Nach dem Seitenwechsel bot sich ein unverändertes Bild. St. Pauli hatte viel Ballbesitz, aber mehr als eine Halbchance von Möller Daehli (47.) sprang nicht heraus. Nur eine Minute später hatte St. Pauli Glück, als Daniel Buballa brutal gegen Deichmann an der Mittellinie einstieg. Schiedsrichter Willenborg zeigte nur die gelbe Karte, auch ein Platzverweis wäre vertretbar gewesen.

Kiezclub gegen Lübeck in der Defensive nicht sattelfest

Zumindest zeigte Buballa jene Härte, die vielen seiner Mitspielern komplett fehlte. Bestes Beispiel: Das 0:2 in der 57. Minute. Lübeck kann sich nahezu ohne Gegenwehr den Ball zuschieben, bis Marvin Thiel zum Abschluss kam. Der Schuss aus 16 Metern wurde von Möller Daehli unhaltbar abgefälscht. Ein Treffer mit Schockwirkung. St. Pauli lief an, ohne jedoch eine Spielidee erkennen zu lassen. Lediglich Einzelaktionen führten ab und an zu so etwas wie Torgefahr.

In der 62. Minute keimte aber trotzdem wieder Hoffnung auf, als Waldemar Sobota sehenswert aus 16 Metern in den Winkel traf. Eine Initialzündung. Nur vier Minuten später köpfte Diamantakos den Ball aus kurzer Distanz zum 2:2. Lübeck schwanden zunehmend die Kräfte, sodass St. Pauli den Regionalligisten immer tiefer in die eigene Hälfte drückte. Das letzte Risiko scheute aber der Kiezclub und hatte Glück, als Miyachi im eigenen Strafraum ungeschickt gegen seinen Gegenspieler in den Zweikampf ging. Schiedsrichter Willenborg verweigerte den Lübckern aber den Elfmeter. Und so blieb es nach 90 Minuten beim am Ende für St. Pauli schmeichelhaften 2:2.
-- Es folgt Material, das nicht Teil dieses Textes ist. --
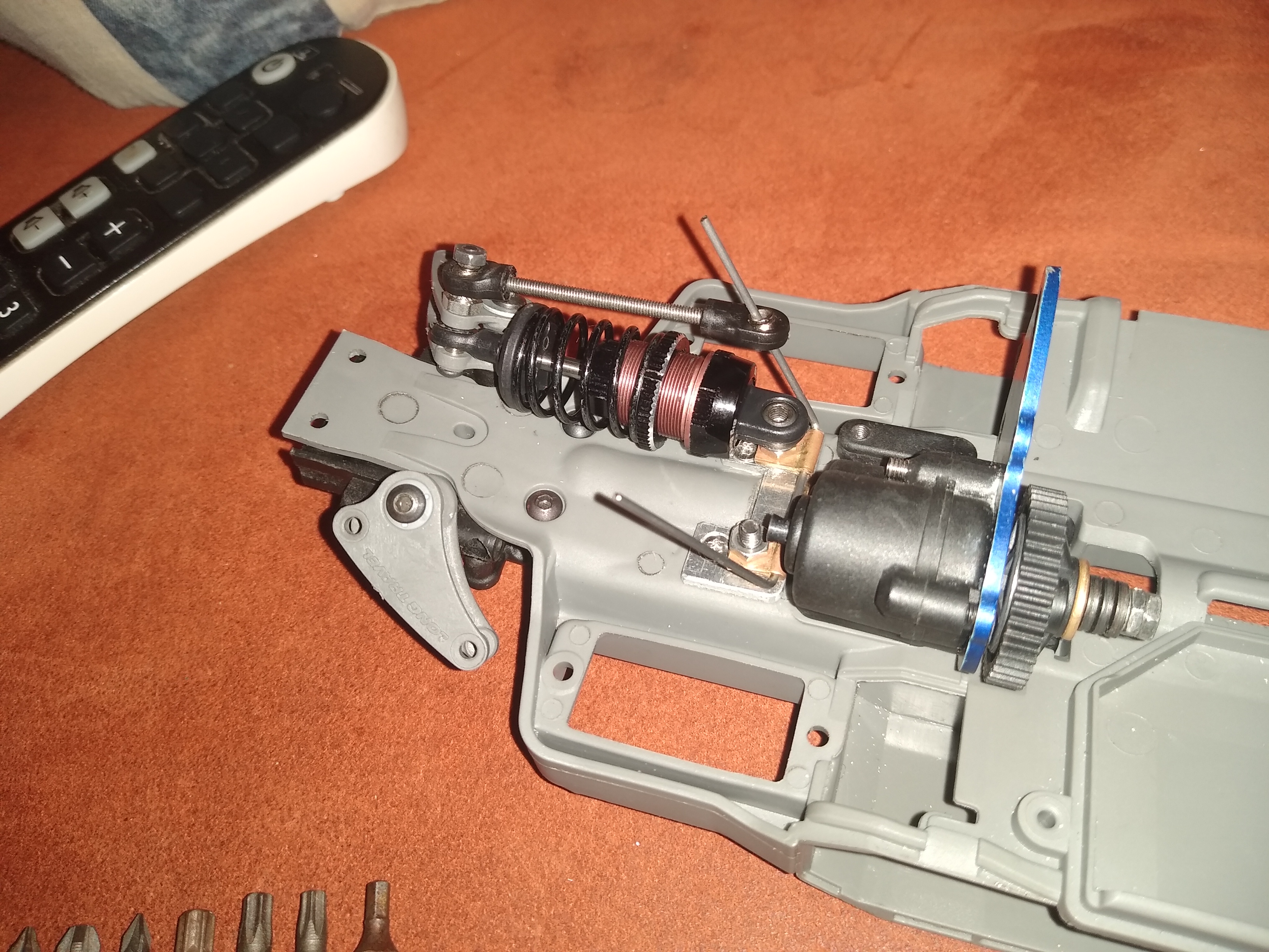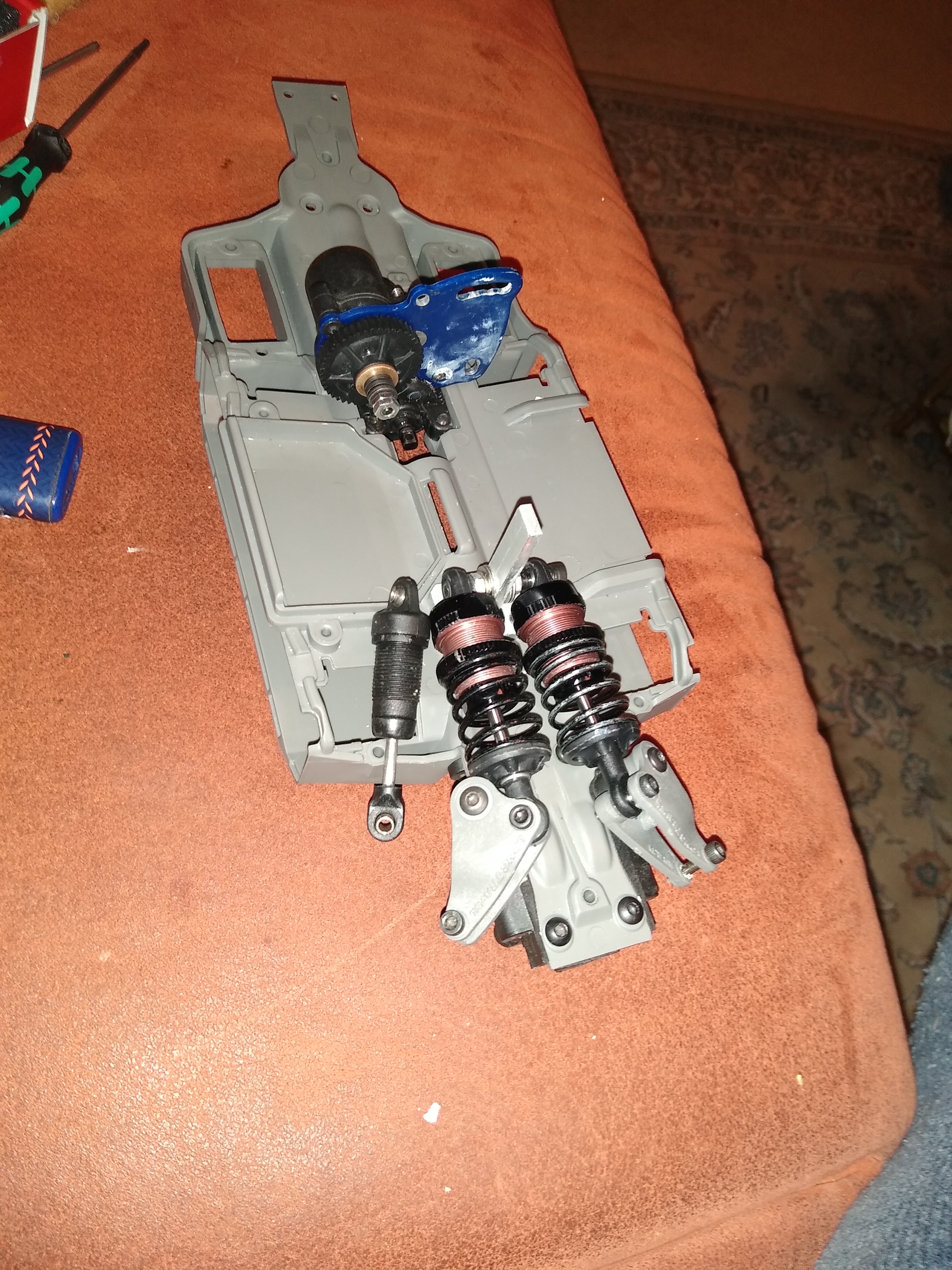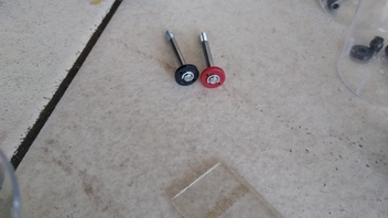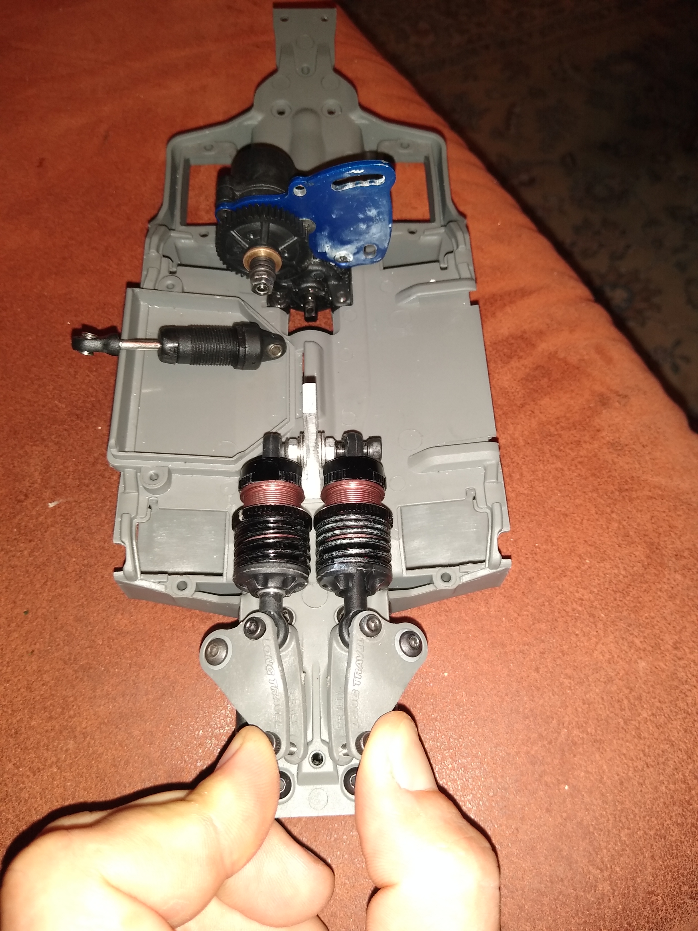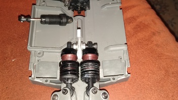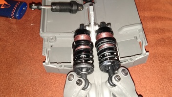 Die roten Dämpferplatten bei den traxxasDämpfern haben eine besser Passung(0.2mm mehr Aussendurchmesser), und scheinen aus härteren Material zu sein. Die Löcher in den Dämpferplatten habe ich auf 1.2mm aufgebohrt, damit ich dickeres DämpferÖl nutzen kann(45wt/575cst...+).
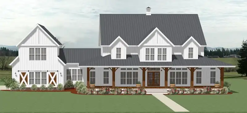 Combining country charm and modern amenities, this large farmhouse is the perfect family home. The sprawling covered porches create a welcoming entrance into the foyer that’s flanked by a private study. The open and thoughtful floor plan includes a large vaulted family room that will be a favorite gathering space with a cozy fireplace and French doors leading out to the porch. A large country kitchen offers a large island a cooktop range and seating for six, a sunny sink area overlooking the back yard, plenty of cabinets and counter space, double ovens, a walk in pantry and extra storage hidden behind two stylish sliding barn doors. A formal dining room is provided, perfect for entertaining. There are two main level family bedrooms, each with walk in closets and sharing a hall bath. The main level master enjoys porch access as well as a soaking tub with a separate shower, dual vanities and an oversized walk in closet. There’s a pet kennel/grooming station leading out into the 3-car garage which offers a shop, garden storage and stairs up to 2nd level storage or future rec room with a half bath. The second level has a horse shoe layout overlooking the family room below. Two more family bedrooms with walk in closets, two full baths, extra storage and a loft/media room are included.
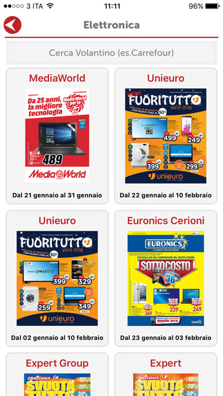 La funzione Cerca velocizzare la ricerca di volantini, cataloghi, prodotti e negozi.
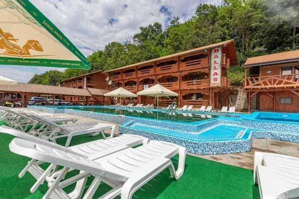 Вілла "Dallas" розташована в місті Солотвино, за 2,3 км від залізничної станції. У відпочинковому комплексі вілли «Даллас» розміщено три двоповерхових дерев`яних будинки. До послуг гостей двомісні номери класу делюкс та стандарт. В номерах є все необхідне для проживання: ліжка, телевізор, власна ванна кімната, рушники, туалетно-косметичні засоби, безкоштовний Wi-Fi, балкон з терасою. До уваги гостей пропонується безкоштовно сезонний відкритий басейн та приватна автостоянка, яка розміщена на території готелю. На території розташовані розважальні дитячі майданчики, літня кухня, затишні альтанки з мангалами. Відстань від вілли "Dallas" до центру міста 2, 7 км, до автостанції 2,5 км.
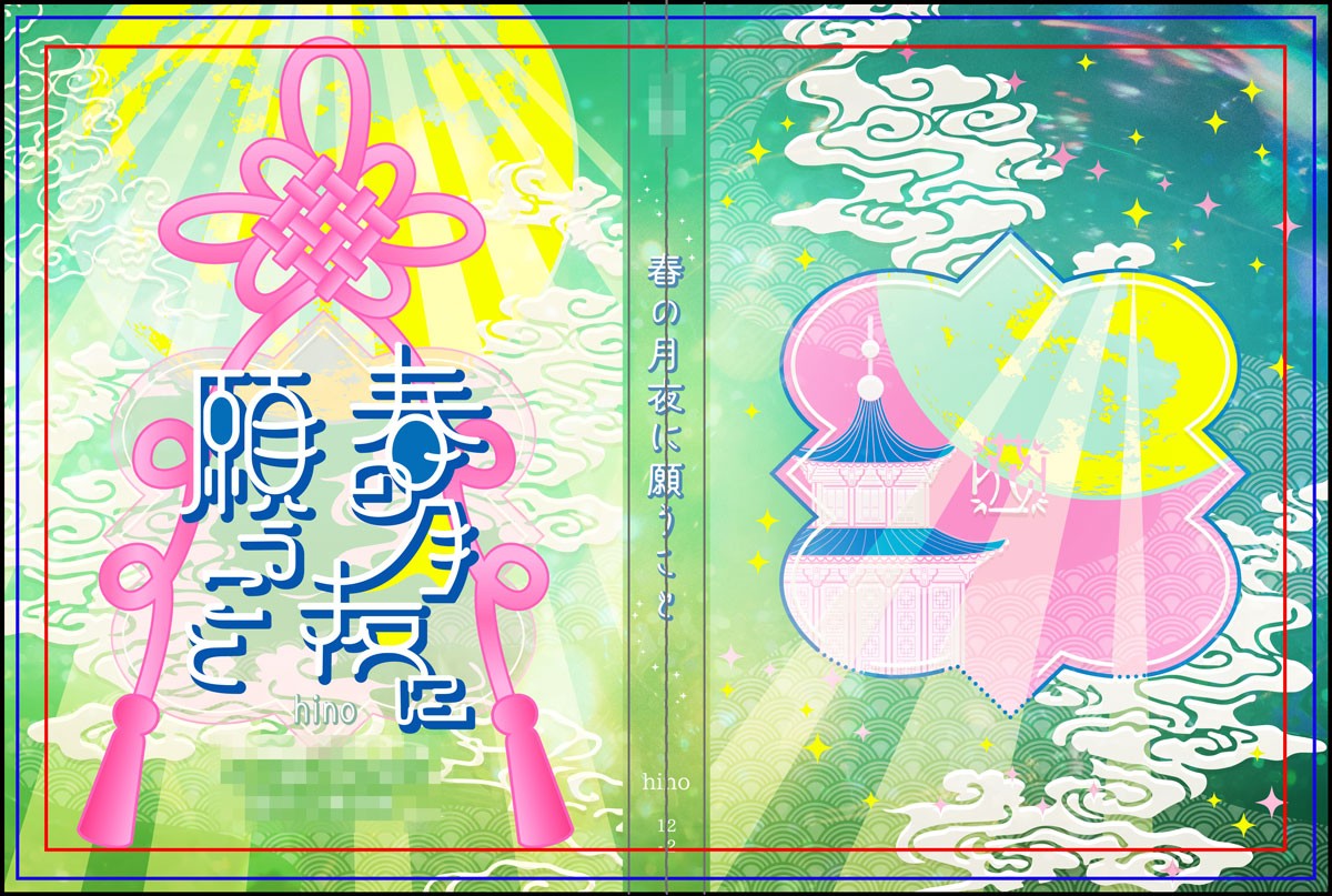作中の舞台設定は春のまだ寒い時期、その満月なので、冴えた月光を表すために用紙はアストロブライト レモンで、月だけ白押さえをかけないデータとしました。これ、別案として結び紐と背景色をぬいてアストロブライト ピンクを使う案もあったのですが、ピンクだとめくったときに表2.3がくどいかなという理由でやめています。イエローでも目が痛いので、どっちもどっちで変わりないのですが……
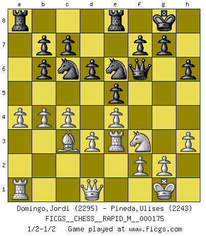 Last move : 1/2-1/2 2025 November 16 23:26:6 [Event "FICGS__CHESS__RAPID_M__000175"] [Site "FICGS"] [Date "2025.10.03"] [Round "1"] [White "Domingo,Jordi"] [Black "Pineda,Ulises"] [Result "1/2-1/2"] [WhiteElo "2295"] [BlackElo "2243"] 1.e4 e5 2.Nf3 Nc6 3.Bc4 Nf6 4.d3 Bc5 5.Nc3 d6 6.Na4 Bb6 7.a3 h6 8.h3 O-O 9.Nxb6 axb6 10.O-O Re8 11.Re1 Be6 12.Bxe6 Rxe6 13.c4 Re8 14.Bd2 Nh7 15.b4 Qf6 16.Re3 Nf8 17.Bc3 Ne6 18.a4 Qg6 19.Nh4 Qf6 20.Nf3 Qg6 21.Nh4 Qf6 22.Nf3 1/2-1/2 Follow this game move after move (download)If you aren't afraid of Spassky, then I have removed the element of money. (Jim Slater) Wenn sie aufgeben, dann danke ich Ihnen für das Spiel (Eventualzug beim Fernschach). (Anonymous) Debemos de asegurarnos de que el Ajedrez no se convierta en un lenguaje muerto, muy interesante, pero tan solo para un grupo muy pequeño. (Sytze Faber) Je fais ceci parce que dans cinquante coups j'obtiendrai cela; je m'appelle Mikhail Moisevitch Botvinnik. (Botvinnik) Programming can only do so much before it becomes too much. (Don Groves)
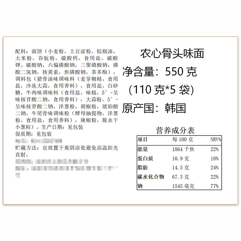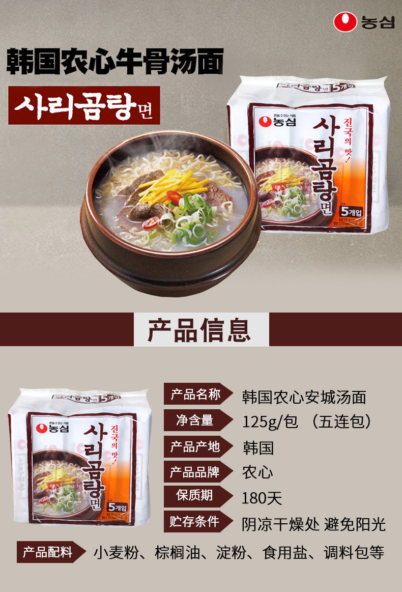 Корейский Imported Farmer's Bulls Noodle Суп 110G * 5 Сумки из говядины Костяная лапша Рамена Мгновенная лапша Быстрая пищевая поверхность
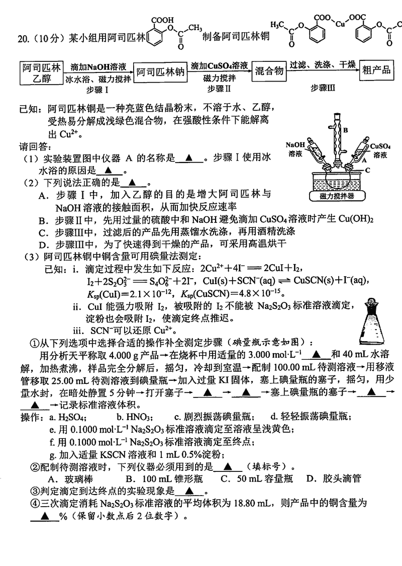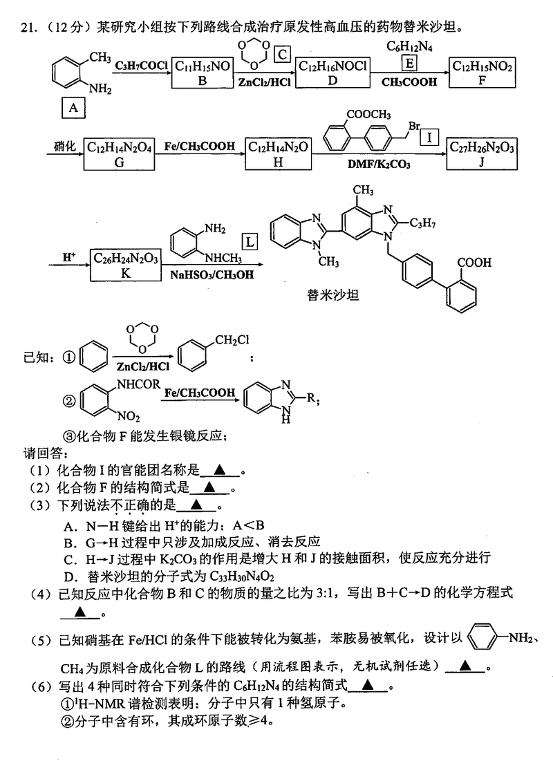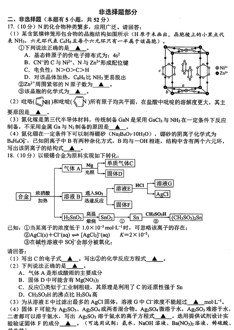 浙江嘉兴一模2024年高三12月教学测试化学考试已于近日开考,为方便考生考后及时查看考试情况,查漏补缺、弥补不足,本文整理了试题答案解析相关信息!
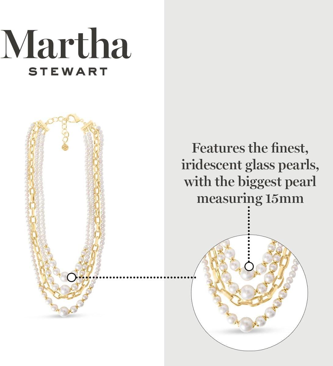 Martha Stewart Four Strand Pearl and Chain Necklace In Gold, Long, For Women
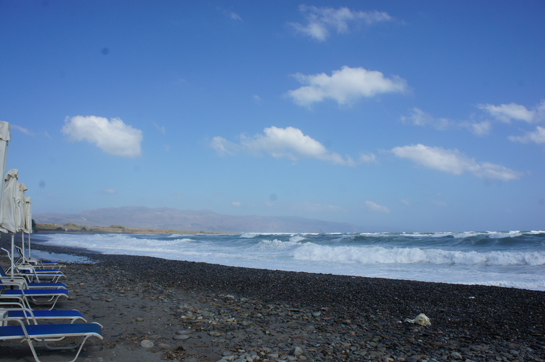 Самое главное, чего нам не хватило - это пляжа и моря, а ведь именно за этим мы и отправлялись. Конечно, я сама виновата. Отзывы читала, про галечный пляж была в курсе. Мы и раньше отдыхали на галечных пляжах, но здесь не галька, здесь камни, огромные камни по которым реально опасно ходить. Без специальной обуви не обойтись - 100%, но и с ней шагать по этим камням нужно очень аккуратно, а заходить в море и подавно. Кроме того, не радовало и само море. Мы были там 14 дней и чистое и прозрачное море мы видели 3 дня! В остальное время либо был шторм (реальный шторм с огромными волнами), либо были волны большие или поменьше, но они всегда были. После штормов (их за 14 дней было 2) и волн море было ужасно грязное, в нем плавали пакеты, водоросли, даже дохлая чайка была.

Buballa beklagt fehlende Cleverness nach der Führung

"Das war ein aufreibendes Spiel. Wenn man als Fan im Stadion ist, wünscht man sich solche Spiele mit sechs Toren, Verlängerung und Elfmeterschießen", sagte Linksverteidiger Daniel Buballa und ergänzte: "Aus Sicht der Fans geht es nicht besser, aber wir haben uns heute das Leben selber schwer gemacht. Ein Rückstand kann mal passieren, dann wurde der noch erhöht. Aber wir sind zurückgekommen und haben Moral gezeigt. In der Verlängerung gehen wir dann in Führung, bekommen aber auch wieder einen Nackenschlag. Chapeau, dass wir es dann im Elfmeterschießen noch auf unsere Seite ziehen konnten."

Himmelmann rettet im Elfmeterschießen

In der Verlängerung sorgte Marvin Knoll in der 94. Minuten für die Führung, als er eine Ecke von Cenk Sahin reinköpfte. Die Entscheidung? Mit Nichten: Ex-HSV-Profi Ahmet Arslan trifft in der 116. Minute zum nicht unverdienten Ausgleich. Zu allem Überfluss flog in der 120. Minute auch noch Stürmer Diamantkos mit einer Tätlichkeit vom Platz. Der Grieche hatte gegen Torhüter Raeder nachgetreten.

Und so fiel die Entscheidung im Elfmeterschießen. Lübeck verschoss zwei Strafstöße, bei St. Pauli lediglich Niklas Hoffmann.